Heat is on Benning and Green after worst Canucks start since Messier era

Nov 15 2021, 8:17 pm

The Vancouver Canucks were terrible last season, and they were bad right away.

Somehow this season, with a 5-9-2 record, they’re even worse.

Offseason improvements haven’t helped, as the Canucks have just 12 points in their first 16 games, which is the same number they were at after 16 games last season. Given the Canucks have fewer wins (5) than last season (6) at this point, their record is actually worse this season.

You have to go back all the way to 1997 — the first year of the Messier era — to find a Canucks team that started worse than this one after 16 games.

Willie Desjardins’ teams never sank this low in this city, as much as he became a punchline. The Canucks scored 22 points in 16 games under him in 2014–15, 19 points in 2015–16, and 13 points in 2016–17.

In Year 1 of the Messier era, the Canucks were 3-11-2 after 16 games. That was in an era before teams could secure extra points in shootouts or three-on-three overtime, and loser points weren’t yet a thing in the NHL.

Pat Quinn was fired as Canucks general manager after Game 15 of that season, and Tom Renney was fired as head coach after Game 19. It was one of the darkest periods of Canucks hockey ever.

The Jim Benning era is giving it a run for its money, though.

The heat has been on Benning for years, and now it’s on Travis Green too.

This is the eighth season of Benning’s tenure, and his record as GM speaks for itself. Only Ottawa, New Jersey, Detroit, Arizona, and Buffalo have worse records during that span. The Canucks have missed the playoffs in five of the last six years.

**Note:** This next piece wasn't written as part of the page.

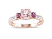 Amour 10k Rose Gold 1.05ct TGW Morganite and Pink Tourmaline with 0.05ct TDW Three Stone Diamond Ring - G-H, I1-I2

The team has underperformed this season, particularly on special teams, and that falls on the coaching staff. Vancouver’s power play currently ranks 25th in the NHL. Their penalty kill is dead last.

In fact, if the Canucks don’t improve their 62.3% PK efficiency, they will finish with the worst penalty killing percentage in NHL history.

NHL insider Jeff Marek wondered aloud on Hockey Night in Canada this weekend if Benning or Green’s jobs were in jeopardy. He referenced Canucks owner Francesco Aquilini being on the road trip.

On Sunday, Sportsnet’s Iain McIntyre said that Aquilini stayed in Las Vegas to watch Sunday night’s NFL game in Sin City rather than travel with the Canucks to Anaheim.

It’s hard to blame him.

Contractually, it makes sense to change the general manager before the coach — as Green is under contract until the end of next season, while Benning’s contract is only guaranteed until the end of this season, according to Marek.

Both should be on thin ice, and the next general manager should pick the next coach.

Will it happen? With this team, who the heck knows? Benning has been able to survive an incredible number of losses since he was hired in 2014.

Laurence Gilman was fired. Willie Desjardins was fired. Trevor Linden “amicably” parted ways with the team.

But Benning remains.

This year was supposed to be different. Management and ownership publicly said they expected to be a playoff team — not a Stanley Cup contender, because the bar is that low.

Elias Pettersson and Quinn Hughes are now being paid like stars. They’ve loaded up, trading first-round picks away in consecutive years.

They’ve pushed all in, and this is what they have to show for it.

Bo Horvat said it best after Thursday’s debacle: “We should be embarrassed.”